The Common Guillemot (usually called simply Guillemot), like its close relative the Razorbill, is a member of the auk family, but this thick-set seabird is far more numerous around our shores: some 1.4 million pairs of Guillemots breed in UK coastal habitats.
When Guillemots stand upright, they bear more than a passing resemblance to penguins, but whereas Guillemots can fly, penguins are unable to do so.
Guillemots are typically 40cm long and have a wingspan of about 65cm (exceptionally over 70cm). Their dark chocolate brown upper plumage distinguishes them from the otherwise quite similar but black-and-white Razorbill.

When swimming, Guillemots look and seem to move rather like small chocolate-brown-and-white ducks when viewed from a distance; however, once they dive beneath the surface they are fast and extremely agile, using their powerful wings as paddles.

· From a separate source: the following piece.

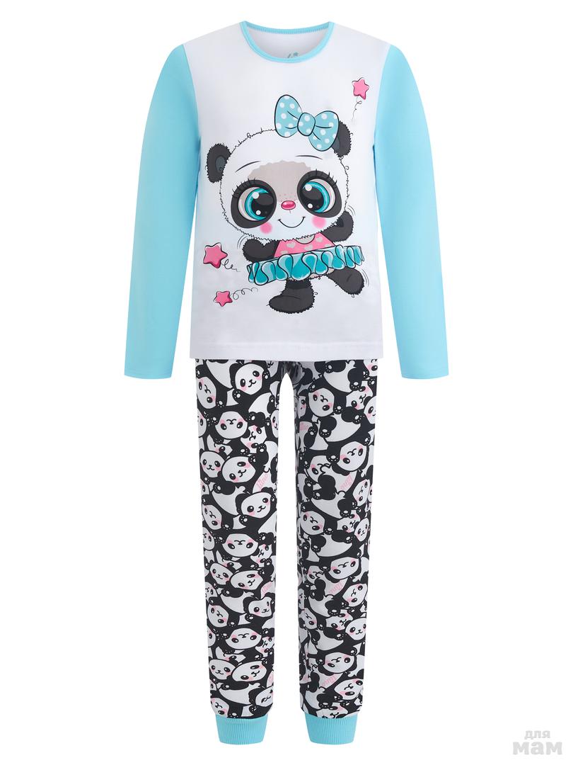 128. Пижама фуфайка (лонгслив), брюки д/дев Juno AW20GJ540 Sleepwear голубой панды цена 560р НОВАЯ ЦЕНА 480р

Making no nest, the Guillemot lays a single, large egg, white with brown markings, on a cliff ledge, often with dozens or even hundreds of others packed in close to one another on tiers of such ledges on a rock face.
The eggs of this seabird are quite sharply pointed (pear-shaped, or pyriform) and so if they do roll they tend to go in tight circles - a useful feature given the limited space available!
Male and female Guillemots take turns at incubating the egg, which takes about a month to hatch.